Since SVM-MLC was used in FuzzyApp, the performances of SVM-MLC on 10-CV and unseen dataset test were compared with the AdaBoost-MLC of FIS (Table 2). Though the specificity of AdaBoost (0.98) was higher than SVM (0.91) on 10-CV, the sensitivity was found higher in SVM (0.86). Also, SVM-MLC performance was significantly higher (0.87) than AdaBoost-MLC (0.81) on unseen dataset test. Even though SVM was considered to be less prone to overfitting problems (Vatsa et al., 2008), receiver-operator characteristic graph (ROC) and area under ROC (AUC) were computed for both AdaBoost-MLC and SVM-MLC. The AUC values of SVM-MLC were found to be balanced and near to perfect on both dataset (Fig. 7A), while the values of AdaBoost-MLC were marginally less (Fig. 7B) than SVM-MLC. Also, the Mathew's correlation coefficient (MCC) values of SVM-MLC were more positively correlated in comparison to AdaBoost-MLC. Despite the fact that both MLCs were not trained with APN during training process, 7504 APN proteins were subjected to prediction by both classifiers. SVM-MLC accurately predicted 6530 APN as nonallergens, while AdaBoost-MLC predicted only 6303 as nonallergens. Hence, from the results it has been observed that though the AdaBoost–MLC performance was marginally high in specificity on 10-CV, SVM-MLC performance was better and balanced on both 10-CV and unseen data test.

FIG. 7.

The receiver operator curve (ROC) and its corresponding area under curve for 10-fold cross validation and independent dataset test. (A) SVM-MLC; (B) AdaBoost-MLC.

Table 2.

Performance Comparison of AdaBoost-MLC and SVM-MLC

		S_N	S_P	A_C	AUC	MCC
10-CV	ADA-MLC	0.72	0.98	0.92	0.91	0.77
	SVM-MLC	0.86	0.91	0.88	0.93	0.78
Ind-Set	ADA-MLC	0.77	0.98	0.94	0.92	0.81
	SVM-MLC	0.86	0.98	0.96	0.93	0.87
APN-Ind-Set	ADA-MLC	–	–	0.84	–	–
	SVM-MLC	–	–	0.87	–	–

AC, accuracy; AUC, area under curve; MCC; Mathew's correlation coefficient. SN, sensitivity; SP, specificity. Highest value(s) in each test is bold faced.

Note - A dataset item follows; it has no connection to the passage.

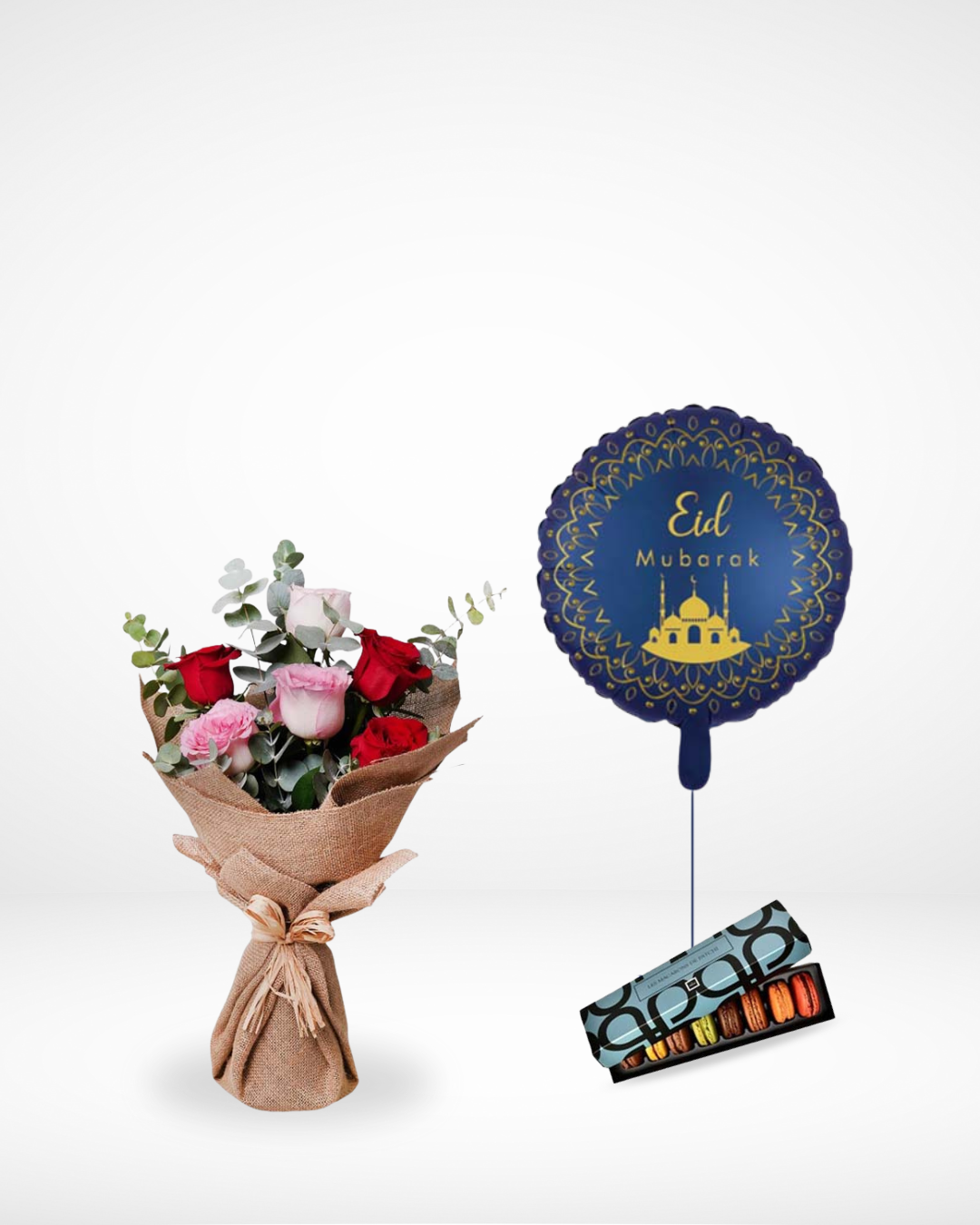 Special Ramadan Bouquet, with 8 Pcs of Patchi macarons and a balloon.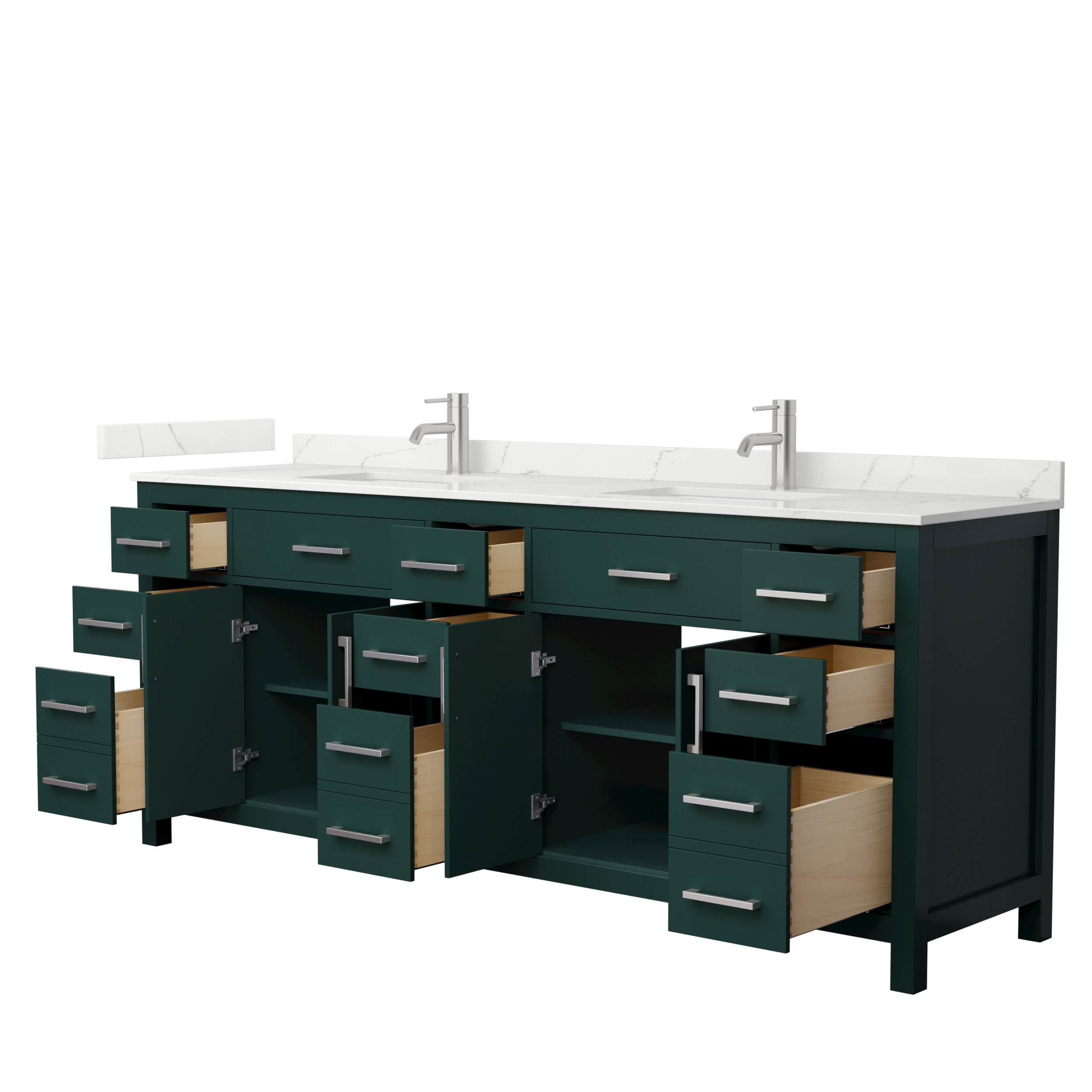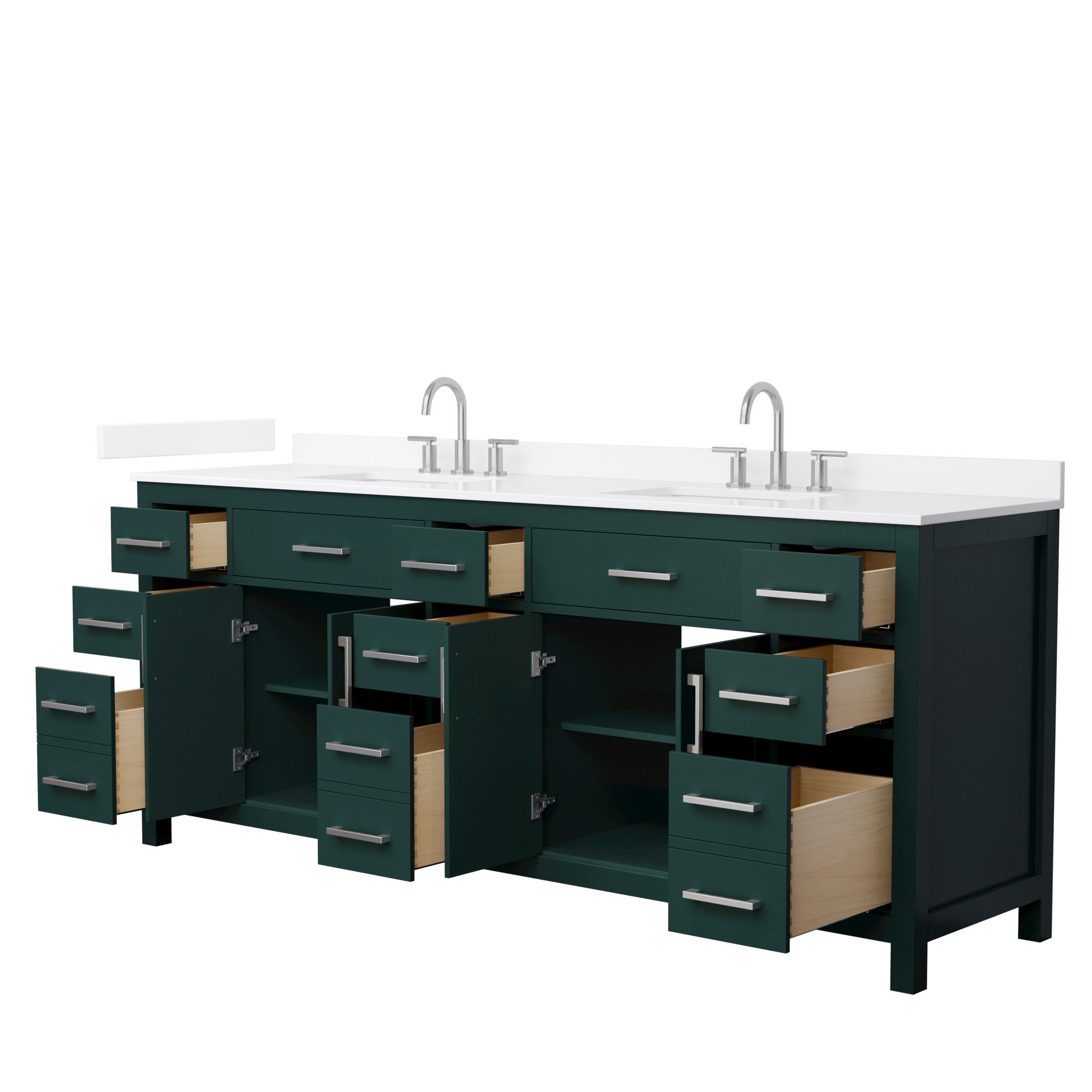 Fantastic value and classic design. The elegant Beckett vanity has it all, with quality touches like brushed nickel, brushed gold, or matte black accents, dove-tailed drawers, cultured marble counters and soft-close doors and drawers. Ample storage and a double-depth lower drawer give you plenty of room for those bathroom necessities. Do your bathroom right, with the beautiful Beckett vanity series.

Effect of rectified fuzzy rules

Manual observation of fuzzy IF-THEN rules used in FIS (Saravanan and Lakshmi, 2013) led us to identify the use of misclassified output-variable category in FIS. The rules 8, 17, and 73; the rules 32, 82, 91, and 100; and rule 6 of FIS were reported to have the output variable assigned as nonallergen, might be an allergen, and allergen, respectively (Saravanan and Lakshmi, 2013). On evaluating the behavior of allergens, nonallergens, and APN on different modules, it has been found that the rules 6, 8, 17, and 73 should have the output-variable assigned as “might be an allergen” instead of “nonallergen” and rules 32, 82, 91, and 100 should have the output variable assigned as “nonallergen” instead of “might be an allergen” (see Supplementary Table ST1). Since FIS (Saravanan and Lakshmi, 2013) considered the output “might be an allergen” too as “nonallergen” for evaluating the results, the consequences of misclassified rules were not reflected in the sensitivity, specificity, and overall accuracy values computed in FIS. Hence, after incorporating the rectified rules in FuzzyApp, the number of proteins predicted as “might be an allergen” (reported for the Ind-set nonallergens) between FuzzyApp and FIS were compared. Out of 488 nonallergens (Ind-set), FIS (with misclassified rules) reported 443 proteins as “nonallergen”, 34 proteins as “might be an allergen,” and 11 as “Allergens,” whereas FuzzyApp (with rectified rules) reported 484 proteins as “nonallergen” and 4 proteins as “Allergen.” The result clearly indicates the influence of rectified rules in correctly distinguishing the “nonallergen”.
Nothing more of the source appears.